Last 24 hours alone saw $51K in turnover, well above the lifetime daily-average for this market — a clear sign of news catalysing trader activity right now.
The market has been open for under a month — fresh enough that information asymmetry remains a real factor.
Higher-volume markets tend to have tighter spreads and faster price discovery — meaning the displayed YES/NO percentages are more likely to reflect the true crowd-implied probability rather than a single trader's directional view.
Resolution is sourced from https://pythdata.app/explore?search=WTI. Settlement is executed by the UMA optimistic oracle on Polygon, with a 2-hour dispute window before payouts clear.
This prediction market is scheduled to close on 2 June 2026. After the resolving event occurs, settlement typically clears within 24 hours once the UMA optimistic oracle confirms the outcome.
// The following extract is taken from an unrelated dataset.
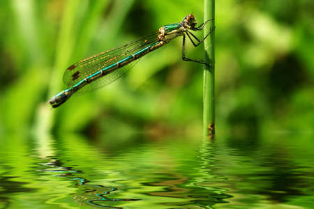 An Emerald Damselfly gripping onto a grass reed at the edge of a pond in a nature reserve in Cornwall, UK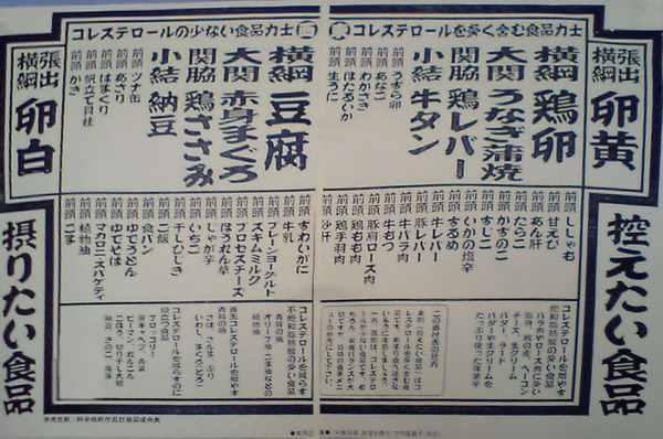 しかし、このチラシは面白い。こういう風に見せるアイデアも楽しいが、一見同じような食品なのに、コレステロールの量が全然違っていたりすることにも新鮮な驚きを感じる。その最たるものが、コレステロール番付の「張出横綱の卵黄と卵白」だ。同じ卵の中にいるものなのに、両極端で全然違う。

All payouts are in USDC on the Polygon network.
To trade on this prediction market, create a free PolyGram account at polygram.ink, deposit USDC via Polygon, and place a YES or NO order on the outcome you believe in. You can learn more on our how-it-works page. Your maximum loss is limited to your stake — there is no leverage or margin.
When the outcome is determined, winning YES shares pay out $1.00 each in USDC, while losing shares pay $0. Settlement is handled by the UMA optimistic oracle on Polygon — a proposer submits the result, a two-hour dispute window opens, and if uncontested, payouts are distributed automatically. You can withdraw your winnings to any Polygon wallet.
Prediction-market positions can lose 100% of staked capital. Outcomes are uncertain by definition — historical accuracy of crowd-implied probabilities is high in aggregate but not for any single market. PolyGram does not provide investment advice. Trade only with capital you can afford to lose.
Regulatory status varies by jurisdiction. Germany, the United States, and most EU countries treat Polymarket-style event contracts under one of three frameworks: financial derivative, gambling product, or unregulated novel asset. Consult local counsel before trading.